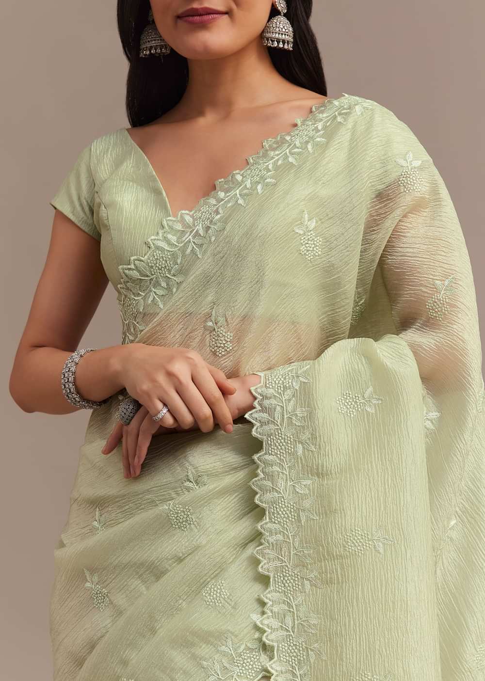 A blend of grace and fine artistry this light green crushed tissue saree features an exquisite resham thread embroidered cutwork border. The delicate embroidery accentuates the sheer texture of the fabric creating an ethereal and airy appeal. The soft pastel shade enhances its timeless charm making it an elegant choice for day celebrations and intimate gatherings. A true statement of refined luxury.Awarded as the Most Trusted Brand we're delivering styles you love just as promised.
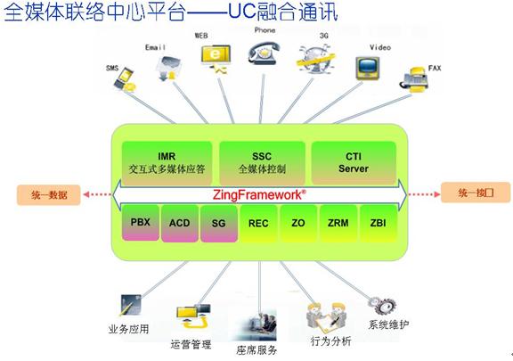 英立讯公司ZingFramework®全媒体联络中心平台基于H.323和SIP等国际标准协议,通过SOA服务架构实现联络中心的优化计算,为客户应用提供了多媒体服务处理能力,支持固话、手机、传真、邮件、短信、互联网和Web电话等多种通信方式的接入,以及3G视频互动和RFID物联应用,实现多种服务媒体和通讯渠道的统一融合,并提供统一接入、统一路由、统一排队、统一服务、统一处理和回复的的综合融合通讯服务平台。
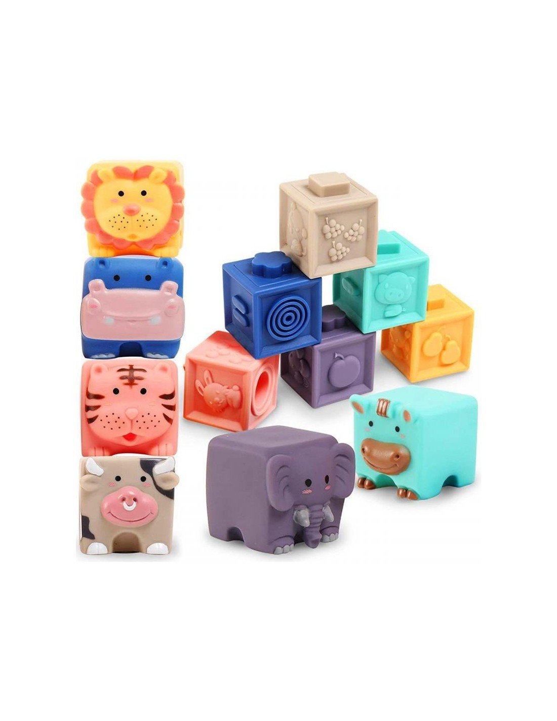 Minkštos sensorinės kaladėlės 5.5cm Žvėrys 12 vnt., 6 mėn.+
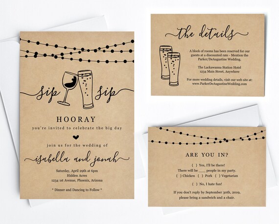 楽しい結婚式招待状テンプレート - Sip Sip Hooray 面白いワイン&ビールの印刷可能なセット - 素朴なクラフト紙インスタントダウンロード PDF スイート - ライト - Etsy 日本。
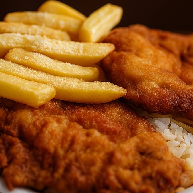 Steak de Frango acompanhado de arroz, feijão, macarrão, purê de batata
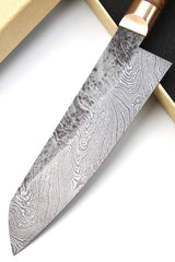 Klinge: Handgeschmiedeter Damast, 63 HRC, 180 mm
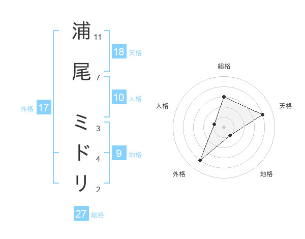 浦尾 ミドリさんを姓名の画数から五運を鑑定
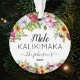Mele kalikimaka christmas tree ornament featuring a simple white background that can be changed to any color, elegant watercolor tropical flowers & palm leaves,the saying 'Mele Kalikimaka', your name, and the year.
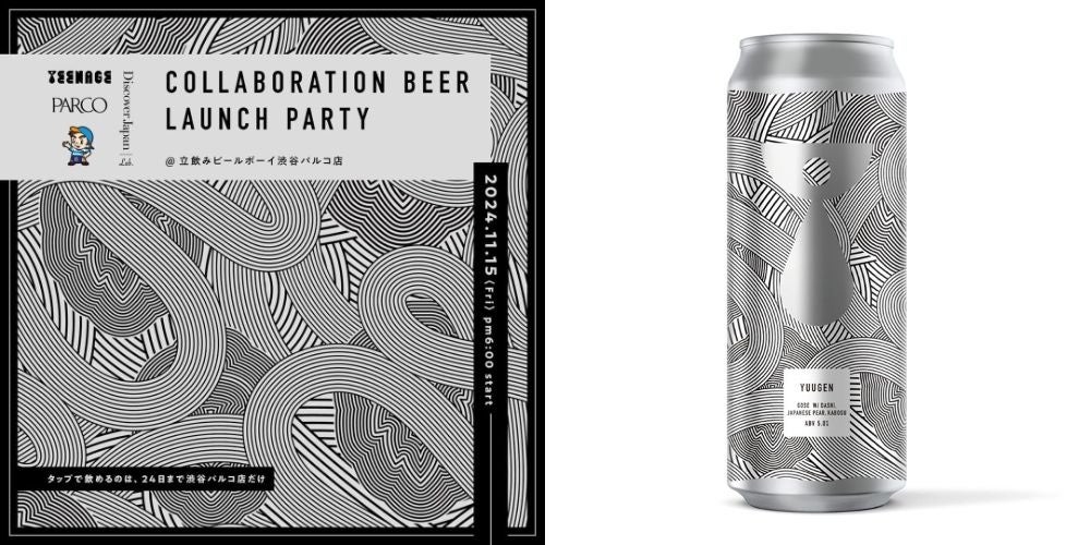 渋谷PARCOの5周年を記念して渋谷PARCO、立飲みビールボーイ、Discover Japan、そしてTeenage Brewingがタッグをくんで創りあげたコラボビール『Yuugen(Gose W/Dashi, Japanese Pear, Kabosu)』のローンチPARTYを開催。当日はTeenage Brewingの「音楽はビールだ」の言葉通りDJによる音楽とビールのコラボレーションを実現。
------------------------
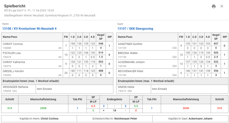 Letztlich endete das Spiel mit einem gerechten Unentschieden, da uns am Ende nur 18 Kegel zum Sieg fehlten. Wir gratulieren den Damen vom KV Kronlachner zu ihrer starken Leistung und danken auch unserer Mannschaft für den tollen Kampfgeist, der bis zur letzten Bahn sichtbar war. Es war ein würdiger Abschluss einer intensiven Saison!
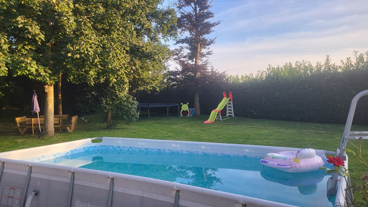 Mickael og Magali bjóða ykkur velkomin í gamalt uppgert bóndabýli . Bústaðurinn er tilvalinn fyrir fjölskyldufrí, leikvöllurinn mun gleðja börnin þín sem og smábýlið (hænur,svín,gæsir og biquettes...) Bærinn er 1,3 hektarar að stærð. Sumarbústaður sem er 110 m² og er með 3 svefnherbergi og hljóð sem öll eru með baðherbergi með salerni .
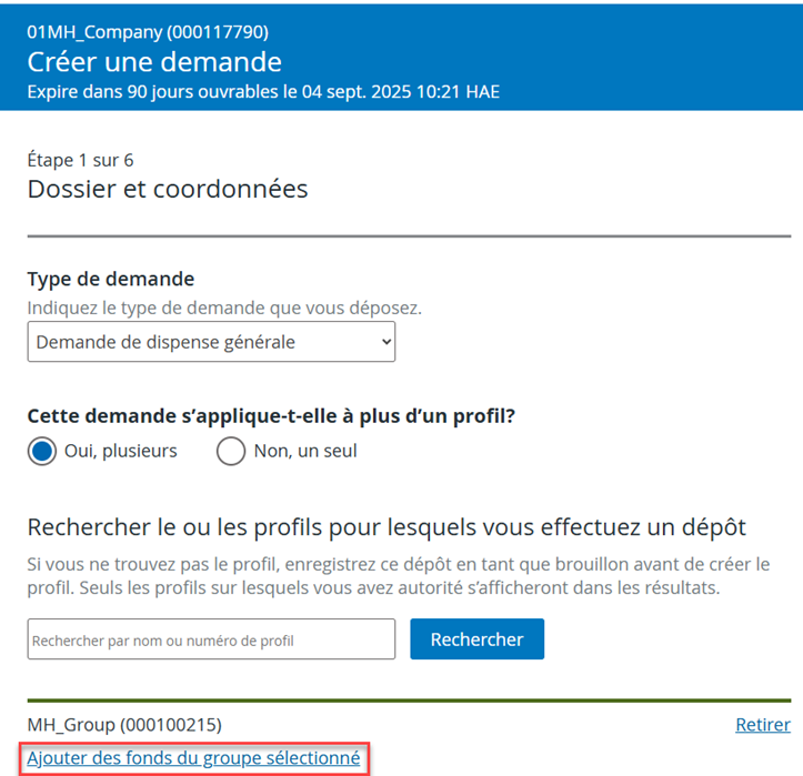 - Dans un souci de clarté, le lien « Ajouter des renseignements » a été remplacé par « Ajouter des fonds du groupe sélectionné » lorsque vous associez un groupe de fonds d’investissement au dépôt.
------------------------
● What you need to do
Copy out the lines above from the line containing "Minkštos sensorinės kaladėlės" through the line containing "Mele kalikimaka christmas", exactly, and keep the pictures out.

● Answer box
 Minkštos sensorinės kaladėlės 5.5cm Žvėrys 12 vnt., 6 mėn.+
 楽しい結婚式招待状テンプレート - Sip Sip Hooray 面白いワイン&ビールの印刷可能なセット - 素朴なクラフト紙インスタントダウンロード PDF スイート - ライト - Etsy 日本。
 Steak de Frango acompanhado de arroz, feijão, macarrão, purê de batata
 Klinge: Handgeschmiedeter Damast, 63 HRC, 180 mm
 浦尾 ミドリさんを姓名の画数から五運を鑑定
Mele kalikimaka christmas tree ornament featuring a simple white background that can be changed to any color, elegant watercolor tropical flowers & palm leaves,the saying 'Mele Kalikimaka', your name, and the year.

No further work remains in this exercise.